Previous studies of the avian reovirus strain S1133 (ARV-S1133) SI genome segment revealed: that the open reading frame (ORF) encoding the sigmaC viral cell attachment protein initiates over 600 nucleotides distal from the 5' end of the S1 mRNA and is preceded by two predicted small nonoverlapping ORFs. To more clearly define the translational properties of this unusual polycistronic RNA, we pursued a comparative analysis of the St genome segment of the related Nelson Bay, reovirus (NBV).

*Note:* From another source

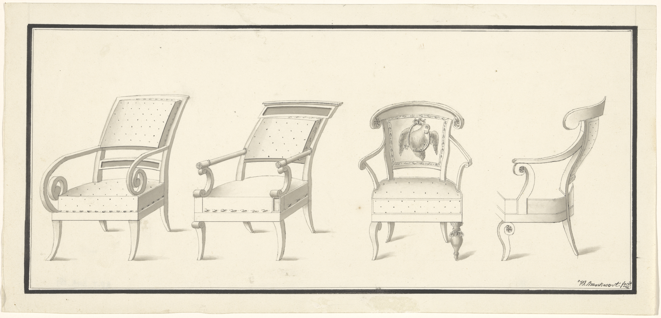 Secretaire met twee sfinxen, voor- en zijaanzicht me...

Sequence analysis indicated that the 3'-proximal ORF present on the NBV S1 genome segment also encodes a sigmaC homolog, as evidenced by the presence of an extended N-terminal heptad repeat: characteristic of the coiled-coil region common to the cell attachment proteins of reoviruses. Most importantly, the NBV S1 genome segment contains two conserved ORFs upstream of the sigmaC coding region that are extended relative to the predicted ORFs of ARV-S1133 and are arranged in a sequential, partially overlapping fashion. Sequence analysis of the St genome segments of two additional strains of ARV indicated a similar overlapping tricistronic gene arrangement as predicted for the NBV S1 genome segment. Expression analysis of the ARV S1 genome segment indicated that all three ORFs are functional in vitro and in virus-infected cells. In addition to the previously described p10 and sigmaC gene products, the S1 genome segment encodes from the central ORF a 17-kDa basic protein (p17) of no known function. Optimizing the translation start site of the ARV p10 ORF lead to an approximately 15-fold increase in p10 expression with little or no effect on translation of the downstream sigmaC ORF. These results suggest that translation initiation complexes can bypass over 600 nucleotides and two functional overlapping upstream ORFs in order to access the distal sigmaC start site.